Sometimes, low bead counts can be a factor or a sign of poor duplication. Here are some reasons why low bead counts can occur:

  1. Sample incompatibility with assay. Samples may cause beads to agglutinate thus negatively affecting bead count and signals.
  2. Samples with large amount of particulate.
  3. Highly viscous samples. May need to dilute viscous samples.
  4. Inadequate vortexing and sonication of beads prior to use.

Assay Becomes Less Accurate at Extremes of the Standard Curve.

Some assay standard curves are characterized by ‘flat spots’ at the high and low end of the curve. For samples that have very high or low signals, the corresponding slope of the curve may be insufficient to give an accurate discrimination between them. Diluting the samples that have high signals will bring the samples down to the linear portion of the curve. However, a diluted sample that gets a low signal may become inflated due to the dilution factor multiplication and corresponding flat portion of the curve.

Inaccurate pipetting

a. Calibration needed

  • Calibrating pipettes every six months is standard laboratory practice.

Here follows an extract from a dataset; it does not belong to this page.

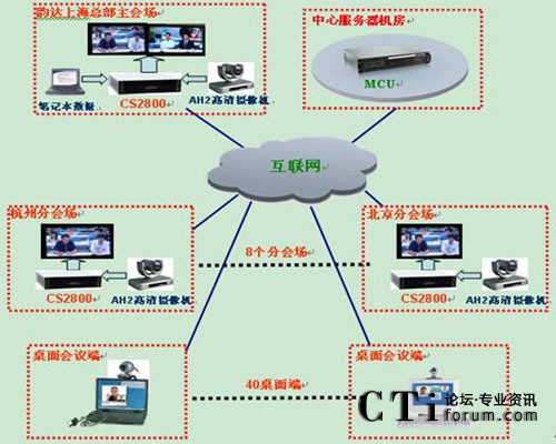 系統(tǒng)為每個點(diǎn)配置華平CS2800全高清視頻終端,它可以實(shí)現(xiàn)2路1080P全高清視頻輸入和4路1080P全高清視頻輸出,并且全面支持H.264 High Profile(level5)編碼技術(shù),在視頻精度提高一倍的情況下,所需帶寬減半,實(shí)現(xiàn)全動態(tài)1080P視頻傳輸僅需1M的帶寬,配合華平高清MCU,可在韻達(dá)快運(yùn)現(xiàn)有的網(wǎng)絡(luò)條件下實(shí)現(xiàn)全公司的全高清視頻會議,實(shí)現(xiàn)高清、高效溝通。

b. Using single channel pipettes exclusively

  • Whenever possible, using multiple channel pipettes is preferred over using single channels. Multiple channel pipettes significantly reduce the number of pipetting steps required in immunoassays which in turn leads to an increase in accuracy reduces the chances of repetitive stress injuries.

c. Using electronic pipette.

  • With many electronic pipettes, when their motors switch from aspirate to dispense the percentage of error is greater in the first dispense.
  • Aspirating a ‘primer’ volume as well as your intended transfer volume will alleviate this issue. First, dispense the primer volume and then continue with your desired transfer.

d. Multi-dispensing

  • When using a pipette with a multi-dispense function, the cumulative percentage error from previous increments is passed on to the last dispense step. For that reason, discard the last pipette volume when multi-dispensing.

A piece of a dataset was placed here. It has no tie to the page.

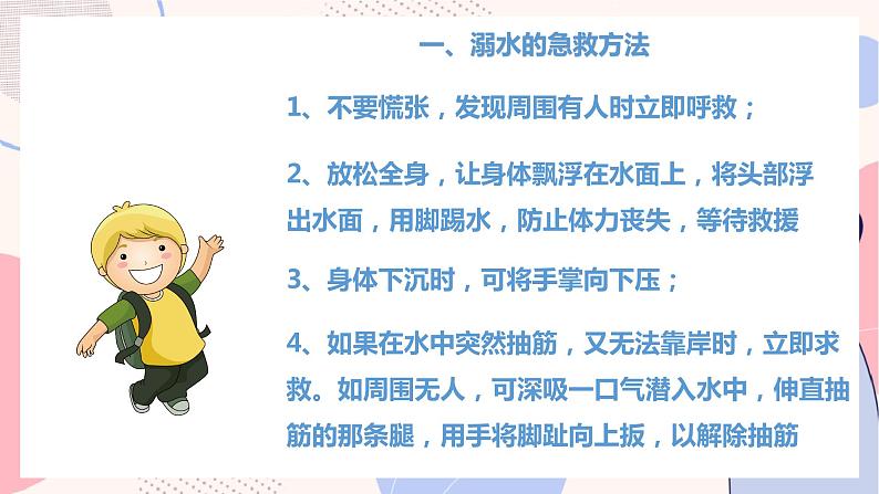 小学生主题班会通用版开学第一课 珍爱生命 安全伴我行 课件: 这是一份小学生主题班会通用版开学第一课 珍爱生命 安全伴我行 课件,共21页。PPT课件主要包含了预防溺水,什么是溺水,消防安全,交通安全,毒品预防等内容,欢迎下载使用。

e. Aspirate slowly dispense quickly

  • When handling viscous liquids, aspirate and dispense slowly to ensure accuracy. For aqueous liquids aspirate slowly and dispense quickly to ensure proper evacuation from the pipette tip.

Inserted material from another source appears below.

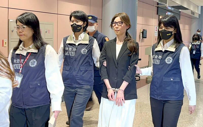 She was transferred to the Taipei District Prosecutors’ Office at 1:18pm, before being released later yesterday on NT$2 million (US$62,467) bail.

f. Poor connection between tip and pipette, faulty tips, dirty tip

• Visually inspect the tips before use to check for proper connection with the pipette, integrity and cleanliness.

g. Poor technician technique

  • Visually inspect tips after aspiration to make sure that the correct amount of liquid it present.
  • Drawing up liquid should be done at a 90 degree angle to the solution. Dispensing should be done at a 45 degree angle with the tip touching the side of the receiving vessel.